Вероятно, он первый сообразил, откуда стреляли. Он и в самом деле умеет думать быстрее и качественнее других, но как раз это свойство, которое раньше всегда выручало его в критических ситуациях, в данном случае оказывается для него губительным. Вообще непонятно, на что Кармазанов рассчитывает: оружия у него нет, боевыми приемами он, естественно, не владеет, он и дрался-то, наверное, последний раз в детстве, тем не менее – он бежит с явным намерением вцепиться в противника. Он даже вытягивает вперед скрюченные птичьи пальцы, – очень быстро, своей жутковатой подпрыгивающе-прихрамывающей походкой, точно безумный кузнечик, мечущийся с кочки на кочку; ничего удивительного, что человек из сарая снова пропарывает тяжелыми ботинками землю, – замирает на пару мгновений и вскидывает к груди винтовку. Он стреляет, не целясь, но Кармазанов как будто напарывается на невидимый штырь; тело его сотрясается, вывернутые жесткие ноги подламываются, он всем телом рушится на травянистую почву и, влекомый инерцией, проезжает по ней еще какое-то расстояние; скрюченные пальцы его скребут дерн и потом замирают. Так развязывается этот, казалось бы, мертвый узел.
И сразу же протыкают воздух беспорядочные хлопки. Это стреляют братья Степано, к тому моменту опомнившиеся. Они уже растянулись, как бы охватывая человека с винтовкой, и теперь сходятся в фокус, выставив перед собой пистолеты. Движутся они, будто включенные роботы: страшновато похожие, в одинаковых кожаных куртках, с одинаково набыченными стрижеными головами, и в схождении их есть что-то неумолимое. И всем видно, как человек, очутившийся в перекрестье огня, бешено крутится, сотрясаемый бьющим в него металлом, как задетая пулей винтовка выскакивает у него из рук, как летят клочья одежды или, может быть, разодранной плоти, как он валится, подобно Кармазанову, на глинистый дерн, но три брата, по-прежнему приближаясь, стреляют стреляют, стреляют; и свернувшееся эмбрионом тело уже не шевелится, и лишь вздрагивает каждый раз, когда в него входит пуля.

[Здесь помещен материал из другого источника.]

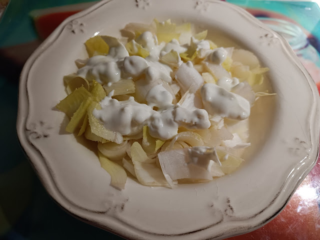 Comí el pollo de primer plato, y de segundo me serví esta ensalada que véis que me supo deliciosa, porqué la endívia es uno de mis vegetales de ensalada favorit@s.

Счет во всей этой ситуации идет на секунды. И когда эти крохотные секундочки потом нарезаются по отдельности: в монографиях, газетных статьях, внешне беспристрастных воспоминаниях, возникает странное, ни с чем не сообразное впечатление, что среди нарезанных частностей упущено главное, что подробности заслоняют другой, какой-то непонятый нами смысл, и что смысл этот был, но в суматохе воспоминаний утрачен, наверное, навсегда.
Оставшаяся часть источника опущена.